◆ **WORK ORDER**: Starting at the first line and ending at the one with "The apartment has", give the lines of the listing again exactly, and nothing else; skip the pictures.

◆ **MATERIAL FOR THIS TASK**:
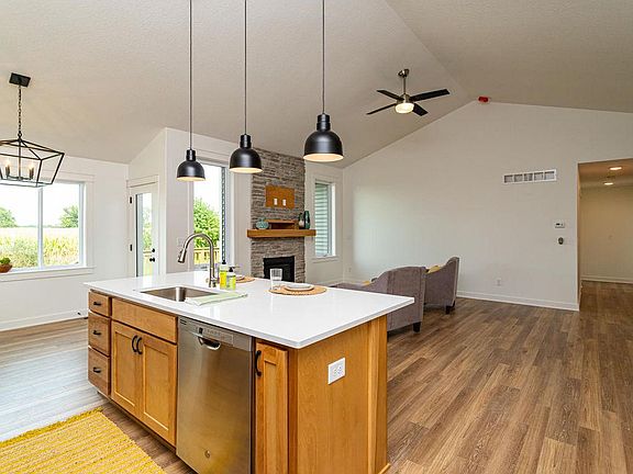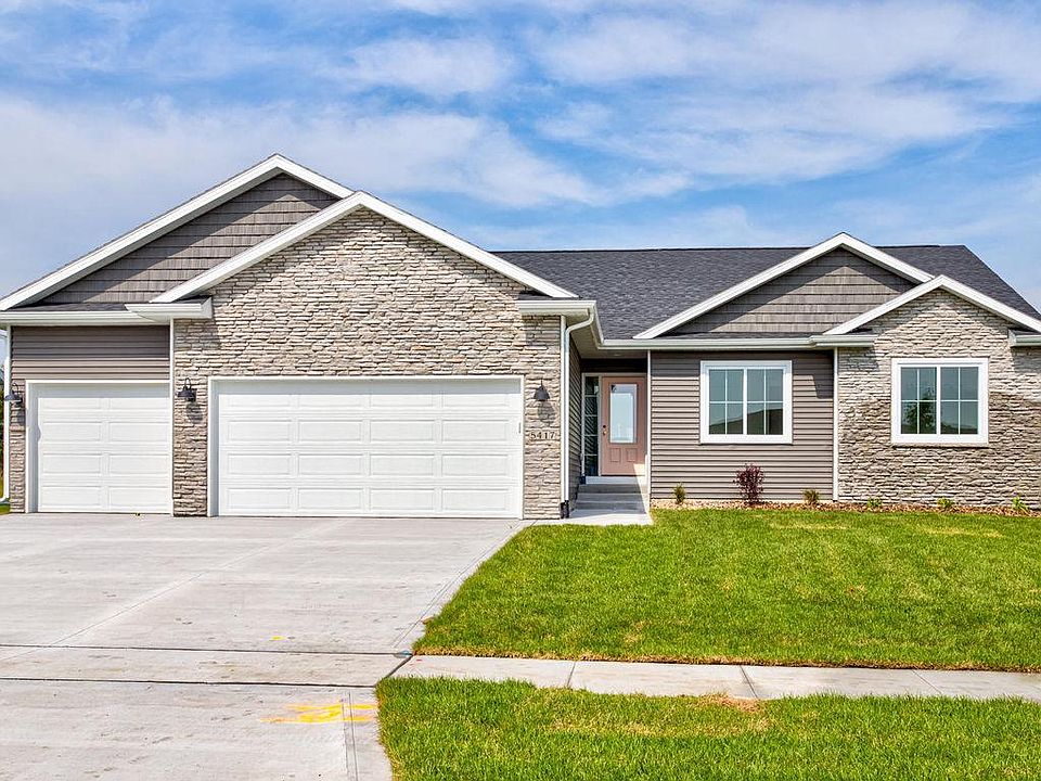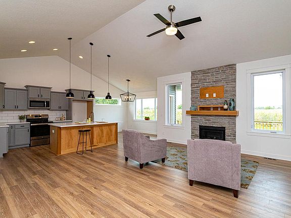 Enjoy Happe Homes Cheyenne, 1608 floor plan, complete with 5BR's, 3 baths, a spacious great room with vaulted ceilings & a floor to ceiling stone fireplace. White cabinets, hard surface flooring in great room, beautiful curb appeal, and a finished lower level with a family room, wet bar, and 2 BR's with a 3/4 bath!
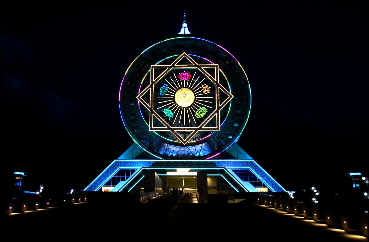 Когда вышли на улицу было уже темно. Подсветка всех зданий и сооружений тут реально красивая. Обязательно прокатитесь по ночному Ашхабаду.
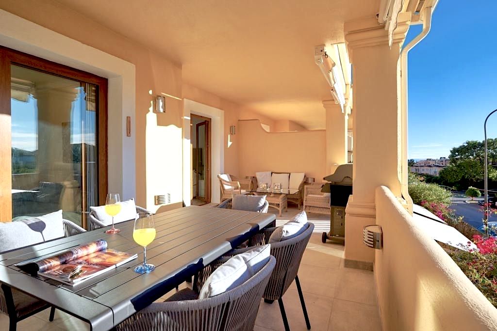 The apartment has a large terrace overlooking the sea. The terrace is tiled and contains a dining area and a seating area. Awnings. Very good sun conditions.
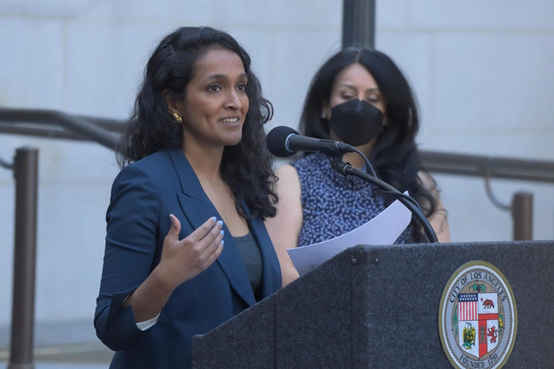 ലോസ് ഏഞ്ചൽസ്: ലോസ് ഏഞ്ചൽസ് സിറ്റി കൗൺസിലിലെ 4-ാം ഡിസ്ട്രിക്റ്റ് സീറ്റിലേക്കുള്ള നവംബറിലെ രണ്ടാംഘട്ട തിരഞ്ഞെടുപ്പിൽ നിലവിലുള്ള നിത്യ രാമൻ ചലഞ്ചർ ഏഥൻ വീവറിനെ നേരിടും.
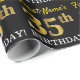Este design de papel de embrulho apresenta uma mensagem como "First-Name’s 35th BIRTHDAY!", com o "35º" a ter uma aparência falsa/de cor dourada. O nome pode ser personalizado e o fundo é preto colorido. Talvez possa ser utilizado quando se dá presentes para o trigésimo quinto aniversário de alguém. [~Z0000177]
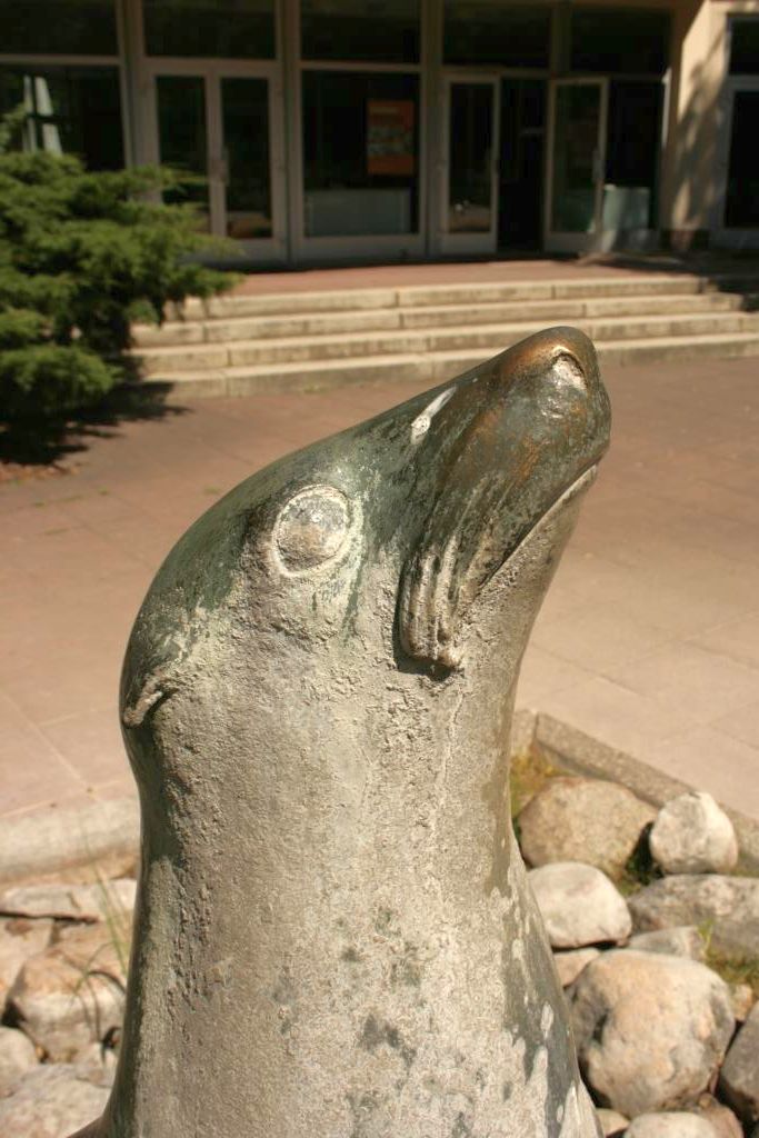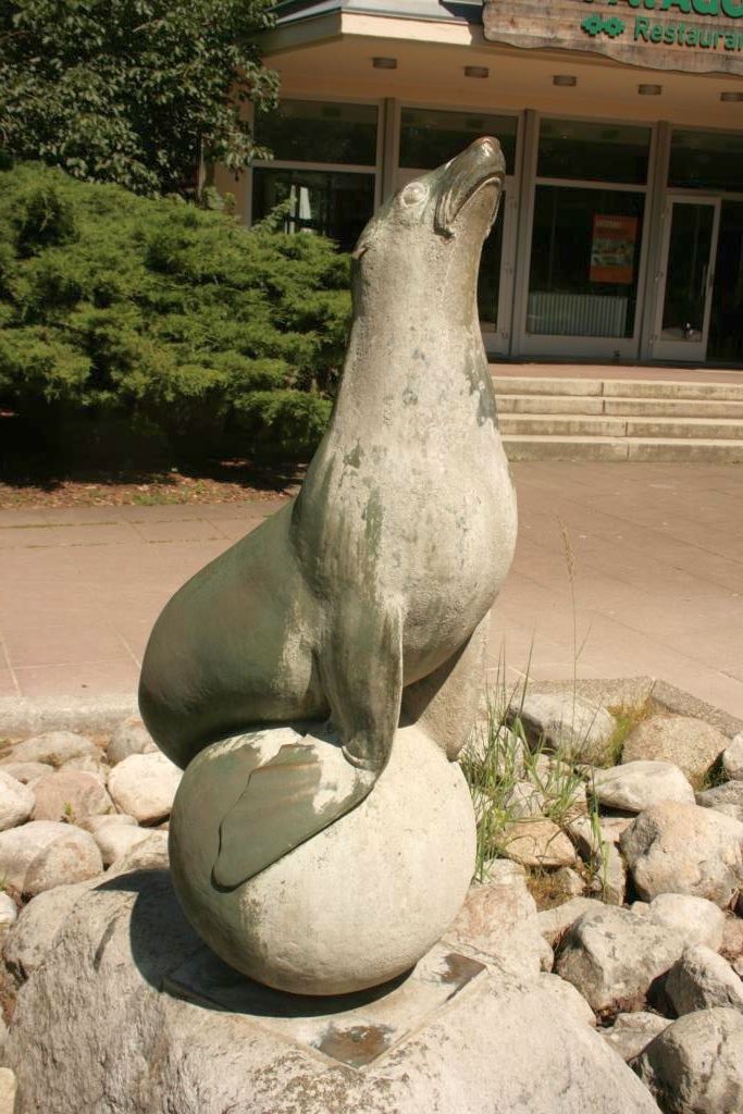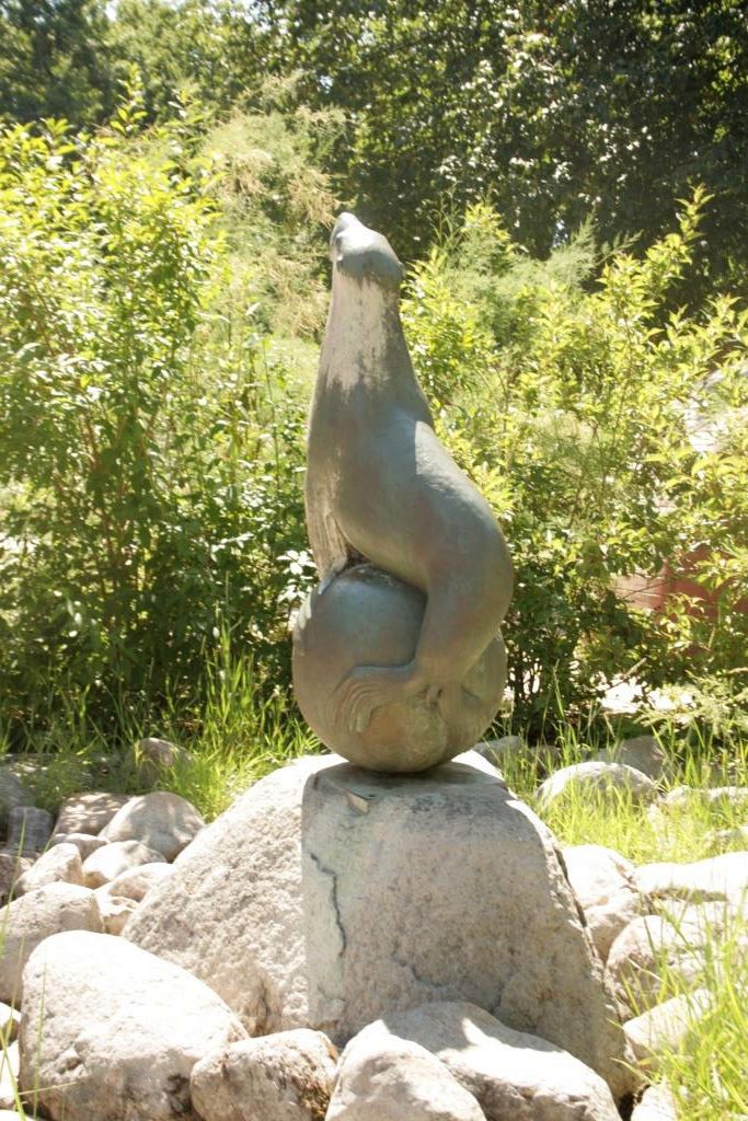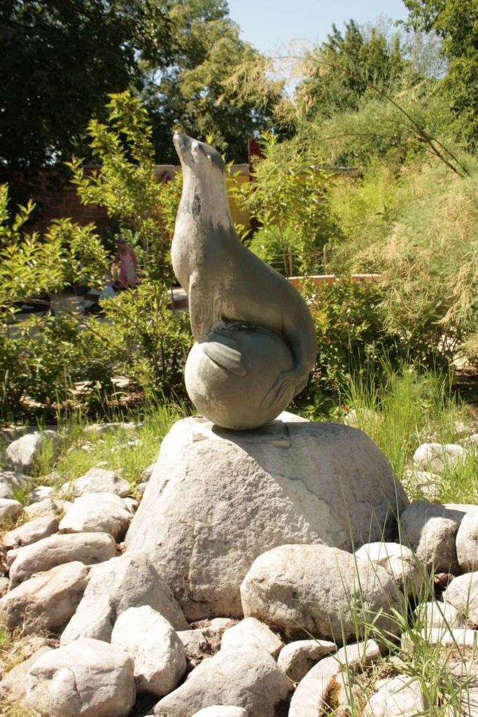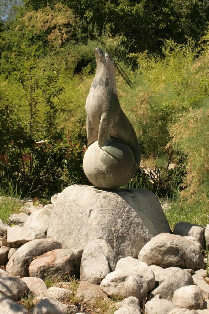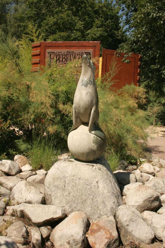 Innerhalb eines durch weiße Natursteinbrocken belegtes flaches „Brunnenbecken“ steht auf einem Natursteinbrocken die Figur eines auf einer Kugel sitzenden, naturnah gestalteten Seelöwen. Die Plastik selbst ist nicht als Träger einer inneren Wasserleitung konzipiert. Vielmehr steht die Plastik inmitten von Wasserstrahlen, die durch im Boden vertiefte Düsen ihren Strahl nach oben bzw. auf die Figur hin ausrichten.

◆ **ANSWER TO THIS EXERCISE**:
 Enjoy Happe Homes Cheyenne, 1608 floor plan, complete with 5BR's, 3 baths, a spacious great room with vaulted ceilings & a floor to ceiling stone fireplace. White cabinets, hard surface flooring in great room, beautiful curb appeal, and a finished lower level with a family room, wet bar, and 2 BR's with a 3/4 bath!
 Когда вышли на улицу было уже темно. Подсветка всех зданий и сооружений тут реально красивая. Обязательно прокатитесь по ночному Ашхабаду.
 The apartment has a large terrace overlooking the sea. The terrace is tiled and contains a dining area and a seating area. Awnings. Very good sun conditions.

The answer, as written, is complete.